In re Estate of Jared Gitau Gichuhi (Deceased) [2021] KEHC 9550 (KLR) | Administration Of Estates | Esheria

In re Estate of Jared Gitau Gichuhi (Deceased) [2021] KEHC 9550 (KLR)

Full Case Text

REPUBLIC OF KENYA

IN THE HIGH COURT OF KENYA AT NAIROBI

SUCCESSION CAUSE NO. 537 OF 2004

IN THE MATTER OF THE ESTATE OF JARED GITAU GICHUHI (DECEASED)

PAULINE WANJIKU KAMAU.....................APPLICANT/ADMINISTRATOR

VERSUS

NIXON MBURU............................................RESPONDENT/ADMINISTRATOR

RULING

1. The deceased herein died intestate on 28th September 2003.  He left a widow and six children namely Robinson Gichuhi, Pauline Gichuhi, Edwin Gichuhi, Hellen Gichuhi, Nixon Mburu and Edward Mburu.  A grant of letters of administration intestate was on 26th April 2004 made to his widow Eddah Njeri Gichuhi as the sole administratrix.  The said grant was confirmed on 26th January 2009 thereby devolving the entire estate to the administratrix.

2. Before completing administration of the estate, the administratrix died on 13th April 2011 leaving part of the estate unadministered.

3. Due to lack of an administrator to complete the administration of the estate, one of the sons Nixon Mburu moved the court vide an application dated13th May 2019 seeking annulment or revocation of the grant on grounds that it had become useless or in-operative by virtue of the sole administratrix’s death.  That application was vehemently opposed by his sister Pauline Wanjiku vide her replying affidavit sworn on 1st October 2012 claiming that the properties had devolved to their mother and that they had filed a succession case in Kikuyu Law Courts.

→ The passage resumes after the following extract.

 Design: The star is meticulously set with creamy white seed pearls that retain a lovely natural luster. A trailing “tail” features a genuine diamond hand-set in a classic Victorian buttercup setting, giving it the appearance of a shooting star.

4. After considering the application for revocation, the court found that part of the estate had not been transferred into the deceased adminitratrix’s name.   Among the properties that had not fully devolved is LR No. Dagoretti/Thogoto/1494 which the court directed that the unadministered property be redistributed afresh amongst the surviving beneficiaries.

5. Accordingly, the court made the following orders:

(a) The grant issued to the deceased herein on 26th April 2004 and confirmed on 26th January 2009 is hereby revoked on account of being in-operative and useless.

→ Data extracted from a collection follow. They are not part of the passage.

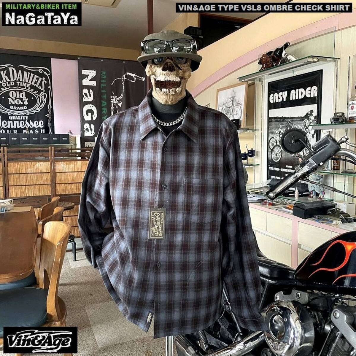 - Vin&Age ヴィンアンドエイジ TYPE VSL8 セミワイド オンブレ チェックシャツ ブルー Lサイズ サイドポケット付
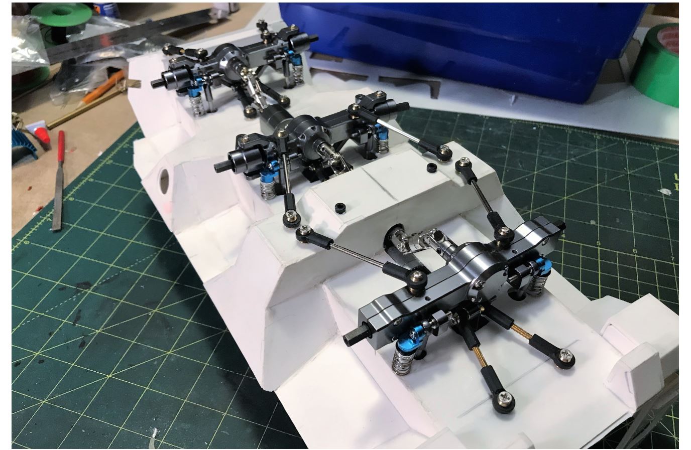 Because the axles are not long enough for this huge vehicle, I could not install the dampers and shock absorber externally like the real fuchs, and like I originally want to... Too bad. So, to maintain the integrity of the pull rod mount and keep the vehicle fully RC functional, I placed the dampers and shock absorber internally where they can provide appropriate support. As per previous post, I ordered shaft extensions for the wheels that will provide 1cm extension on each side and connect to the wheels. I have not received them yet.
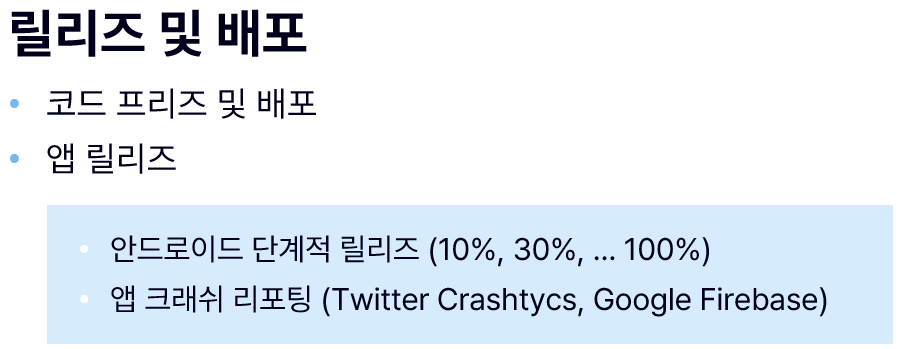 - 릴리즈가 꼭 제품을 출시한다는 의미는 아님. 중간 중간에 동기부여를 위한 마일스톤을 만드는 것의 의미가 더 크다. 사람은 지치기 마련이다

(b) In place of the deceased administratrix and applying this court’s discretion, Pauline Wanjiku Kamau and Nixon Mburu Gichuhi are hereby appointed as joint administrators for purposes of completing administration of the remaining part of the estate.

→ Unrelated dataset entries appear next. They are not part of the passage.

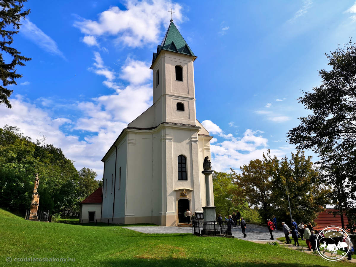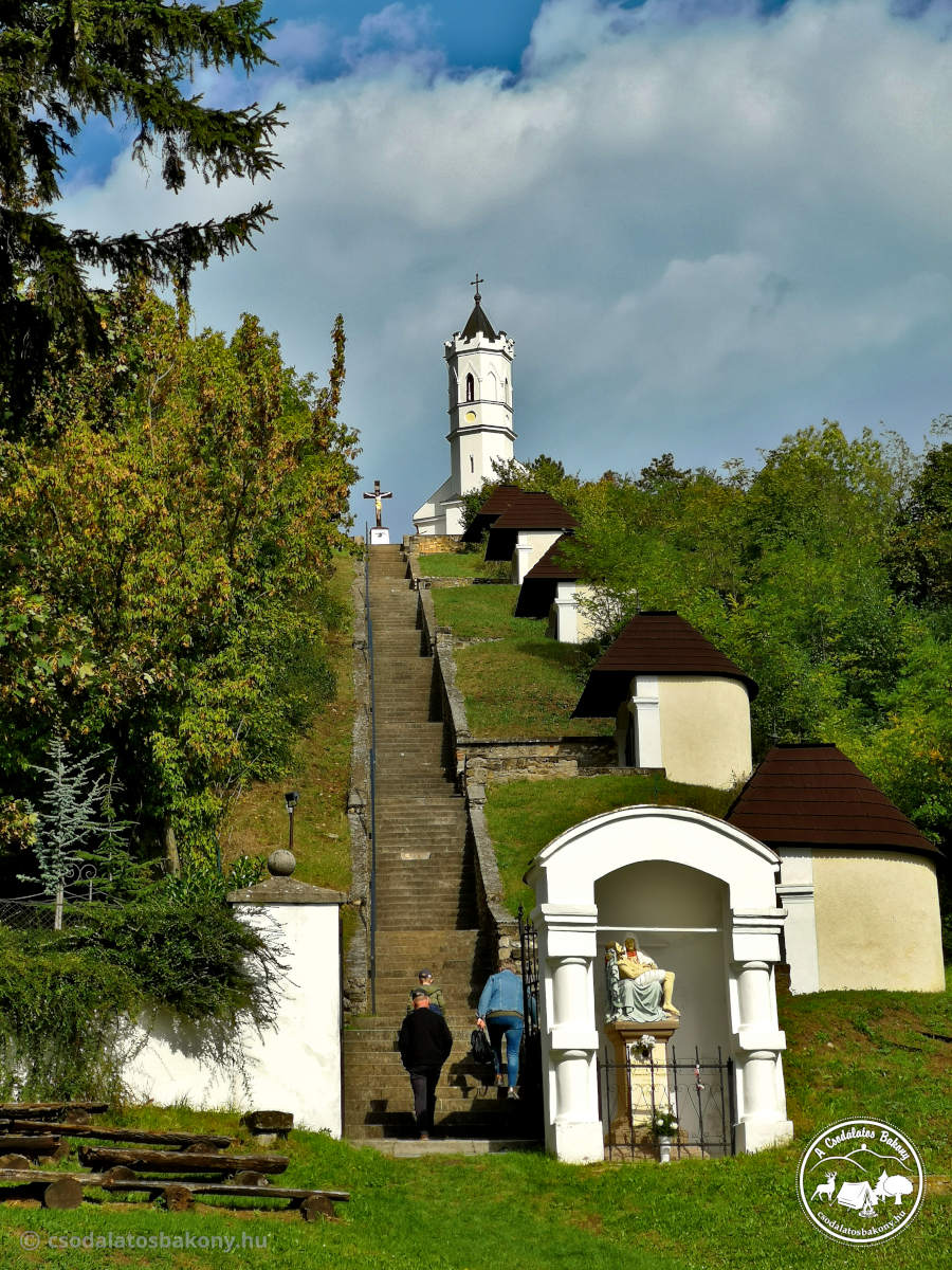 Az erdőből kiérve aztán megpillantottam Magyarpolány házait. A falut 1171-ben említik először az írásos emlékek, mint a bakonybéli bencés apátság birtokát. A lakosság 16. század második felében a közeledő törökök elől elmenekül, a település elnéptelenedik. Csak a 17. században tér vissza az élet a faluba, 1696-ban a vidék már a zirci apátság birtokát képezi. Érdekesség, hogy ezt követően két falu alakul ki itt, Magyar- és Németpolány, amelyek végül 1899-ben egyesültek. A község leghíresebb látnivalója a Kálvária. 173 lépcsőfok vezet a dombtetőn álló Szent Szűz kápolnához, útközben pedig öt pihenőhely található, ahol a ˝fájdalmas Rózsafüzér öt titka˝ csodálható meg.
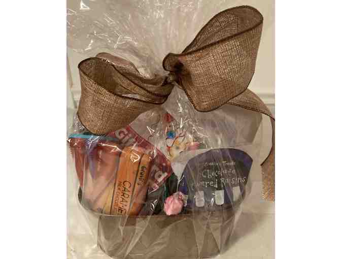 Large gold metal beverage container filled with 1 lb Dark Java Wave coffee, 12 oz chocolate raisins and more candy with a $50 Family Express gift card!
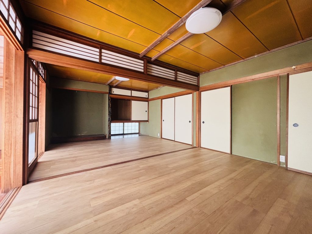 価格をおさえたいというところからキッチンはクリーニング+内装工事で綺麗に明るくなりました。トイレはシロアリの被害もあり、駆除した後にリフォームを行い、トイレの雰囲気も明るくなるよう内装をご提案させていただきました。和室は畳ではなくフローリングに施工し、それに合うように電灯も交換しました。

(c) The appointed administrators in consultation with the other beneficiaries to agree on how to redistribute the remaining property i.e. L.R. Dagoretti/Thogoto/1494 and file a consent on the agreed mode of distribution within 30 days.

(d) In the event they are not able to agree, one of them can move thecourt with the consent of all beneficiaries to redistribute the said property.

(e) Each party to bear own costs.

6. Contrary to the court’s directions, Pauline Wanjiku Kamau one of the estate administrators filed a Chamber Summons dated 7th September 2020 jointly with Edwin, Hellen, Robinson and Edward her siblings seeking orders that;

(1) Spent.

(2) That there be a stay of the orders made in the ruling of this honourable court dated 30th June 2020 pending the hearing and determination of this application.

(3) That the ruling delivered on 30th June 2020 be reviewed and Pauline Wanjiku Kamau be appointed the sole administrator of the estate of Jared Gitau Gichuhi.

(4) That Nixon Mburu be and is hereby discharged as an administrator to the estate of Jared Gitau Gichuhi.

(5) That the honourable court be pleased to issue an order of temporary injunction to restrain the respondent, himself, his agents, servants, employees and/or proxies from alienating, leasing, moving onto, laying claim to, interfering, wasting, developing, fencing, carrying out any works on, constructing or in any other manner dealing or intermeddling with title number Dagoretti/Thogoto/1494 pending hearing and determination of this cause.

(6) That this honourable court be pleased to issue an order of mandatory injunction to compel the 1st respondent himself, his agents, servants, employees and/or proxies to forthwith cease intermeddling with the deceased’s properties and in particular the property known as Dagoretti/Thogoto/1494.

(7) That the OCS Kikuyu Police Station be and is hereby ordered to investigate authenticity of signatures affixed on the consent dated 7th July 2020 and that the orders issued by this honourable court are fully complied with.

(8) That in the alternative, the honourable court do make such other interlocutory orders as it may deem just and expedient pending the hearing and determination of this application.

7. The application is premised upon grounds stated on the face of it and an affidavit sworn by Pauline Wanjiku Kamau.  According to the applicant, Nixon Mburu is not of sound mind hence not fit to administer the estate.  To prove that allegation, Pauline attached a letter from Chief Inspector of Schools Ministry of Education dated 24th June 1991 and Doctor W.J. Muya’s medical report dated 22nd May 1991 in which the doctor said he had assessed the respondent and made a diagnosis of academic under achievement due to mental subnormality (See annexure MWK5).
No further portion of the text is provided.